Knebel AR, Sharpe VA, Danis M, Toomey LM, Knickerbocker DK. Disaster Med. Public Health Prep. 2014; 8(1): 79-88.

Affiliation

Office of the Assistant Secretary for Preparedness and Response, Office of Emergency Management, US Department of Health and Human Services, Washington, DC.

Copyright

(Copyright © 2014, Society for Disaster Medicine and Public Health, Publisher Cambridge University Press)

DOI

10.1017/dmp.2014.9

PMID

24612854

Abstract

During catastrophic disasters, government leaders must decide how to efficiently and effectively allocate scarce public health and medical resources.
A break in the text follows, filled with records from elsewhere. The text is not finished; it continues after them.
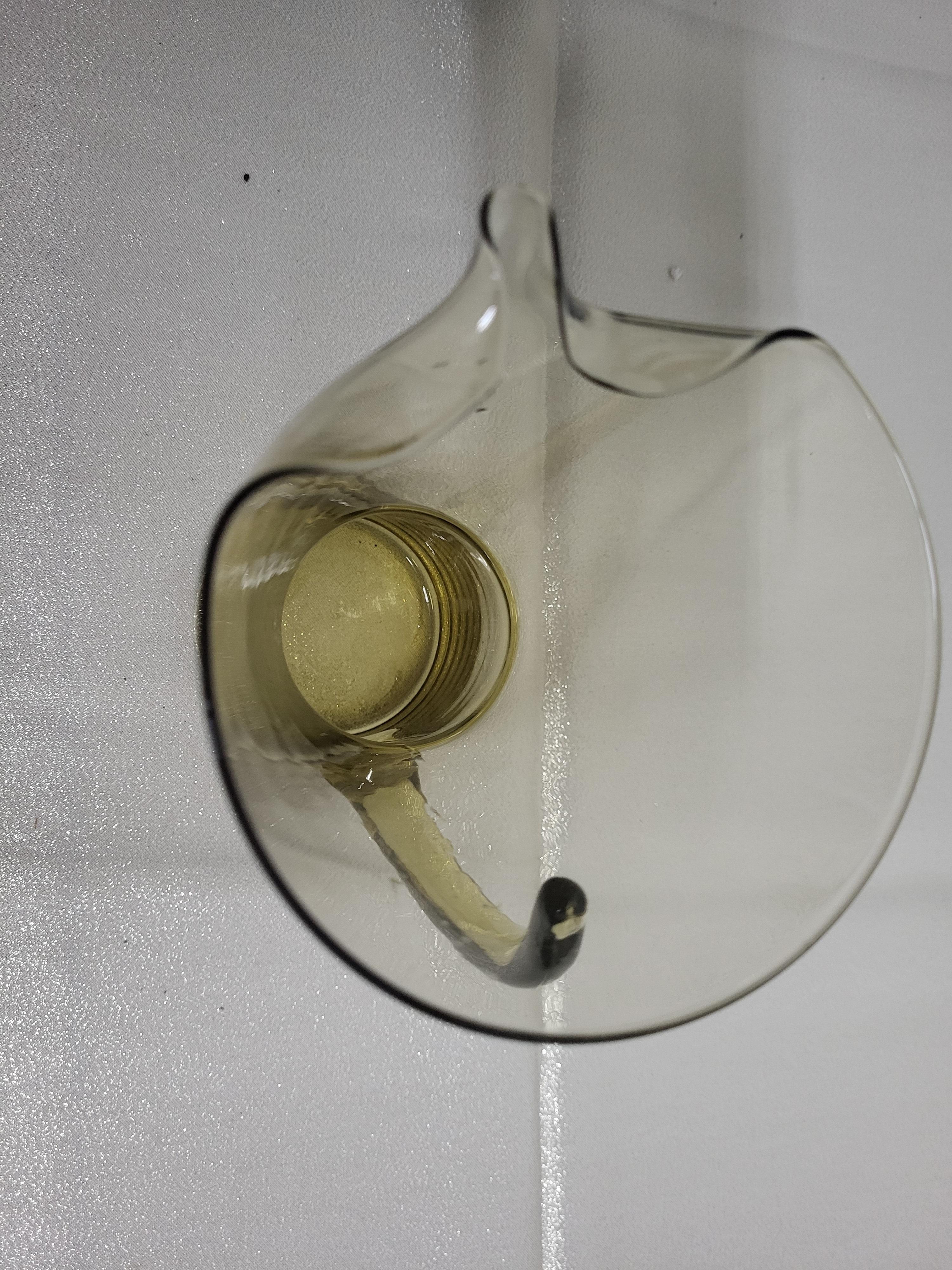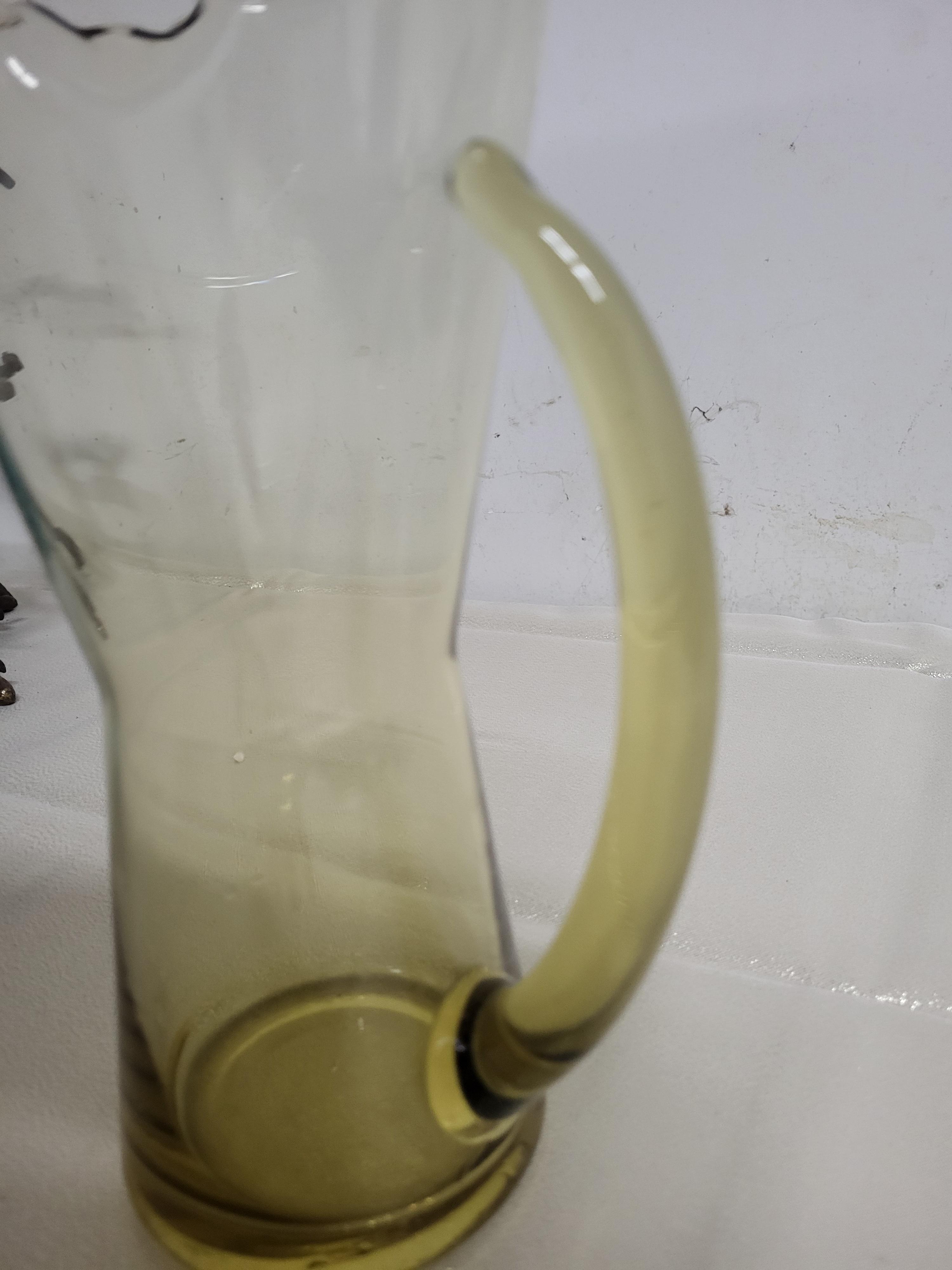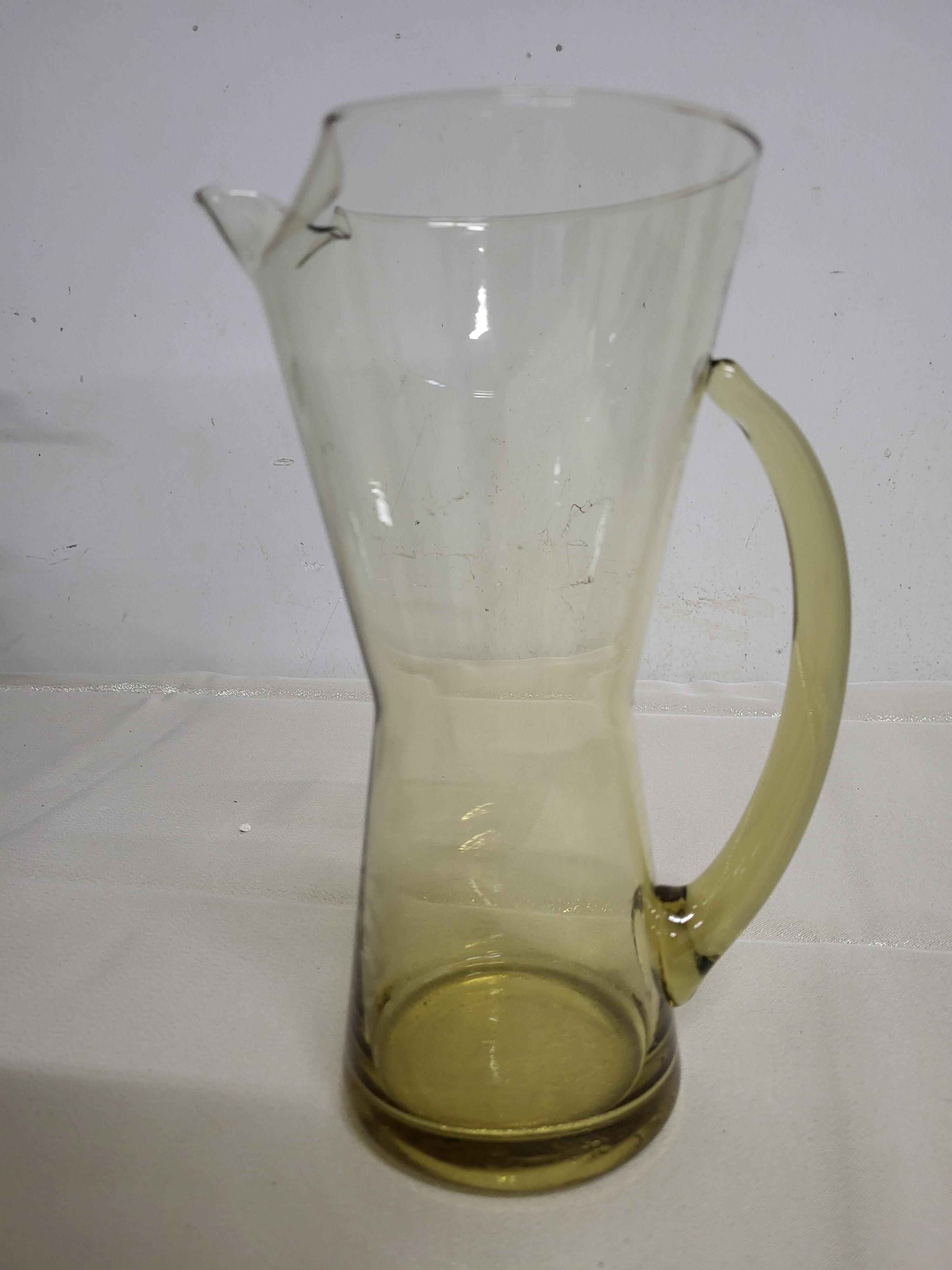 mid century martini pitcher hoffman house morgantown 9″ tall all hand blown smokey golden topaz color no damage see pics features a pinched sput and a heavy bottom limited production period in 1958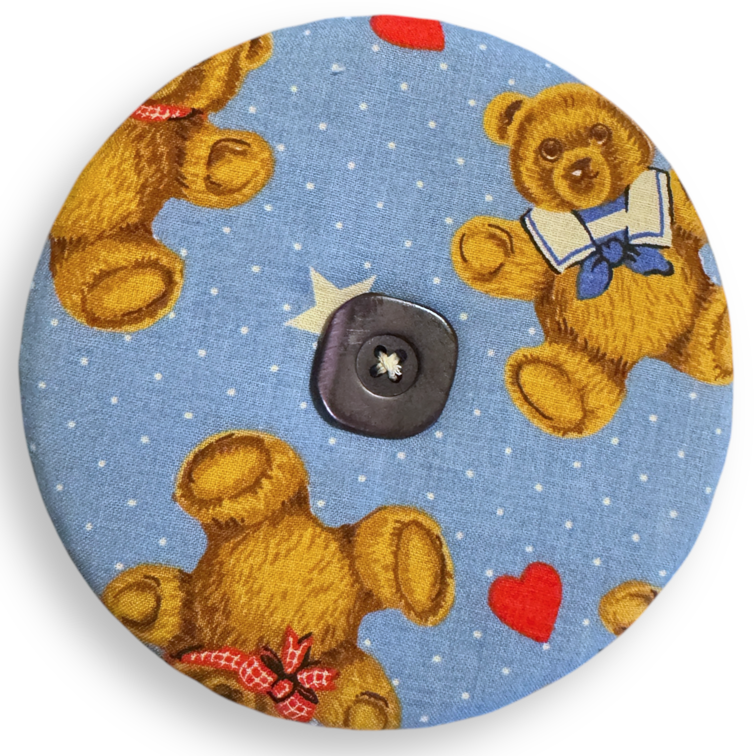 Upcycled double sided round padded playing card holder for kids or adults BLUE TEDDIES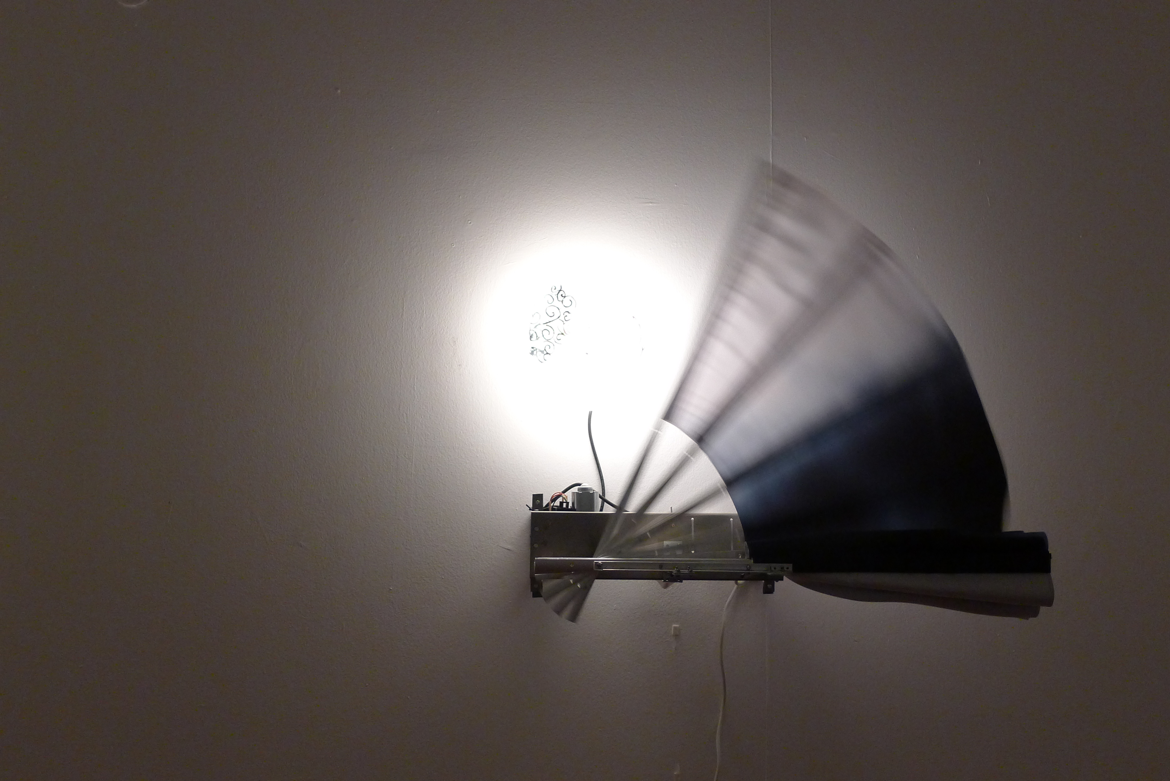 Andrei Filippov has built an installation for the exhibition consisting of dynamic objects with the title Rolling Blackout (the Russian term translates literally as “fanlike power cut”). In this case we literally have a machine, a genuine mechanical construction: large fans with a representation of the sky, which are opened and closed by electric motors. A rolling blackout is a complete or partial shutdown of power supply for technical reasons. But for Filippov the shutdown is associated directly with the end of the world in its Judaeo-Christian version, or, more precisely, with one of the events of global culmination, in which “the heaven departed as a scroll when it is rolled together” (Book of Revelation, 6:14) or when “the heavens shall be rolled together as a scroll” (Book of Isaiah, 34:4). The biblical comparison of the heavens with a scroll is transformed by the artist into a coincidence of scroll and heavens or, rather, he swaps the scroll for a fan, which he presents as a book-map of the heavens. Picture, book, scroll and fan are for Filippov invariants of a single thought-form, whose historical origins are to be sought, not in the European tradition, but in the Eastern, and more specifically the Chinese tradition, where scroll, fan and screen have long served both for the inscription of texts (essentially, as alternative book formats) and as a support for painting, and this is perfectly natural, since writing and representation in Chinese culture grew from a common root and were therefore easily united. If we then remember that Chinese culture has always been important for the Moscow conceptualists and that they felt a certain kinship with the thinkers-literati-artists of ancient China, the logic of creation of Rolling Blackout becomes clearer still.

The literature about triage decision making at the individual patient level is substantial, and the National Response Framework provides guidance about the distribution of responsibilities between federal and state governments. However, little has been written about the decision-making process of federal leaders in disaster situations when resources are not sufficient to meet the needs of several states simultaneously. We offer an ethical framework and logic model for decision making in such circumstances. We adapted medical triage and the federalism principle to the decision-making process for allocating scarce federal public health and medical resources. We believe that the logic model provides a values-based framework that can inform the gestalt during the iterative decision process used by federal leaders as they allocate scarce resources to states during catastrophic disasters. (Disaster Med Public Health Preparedness. 2014;0:1-10).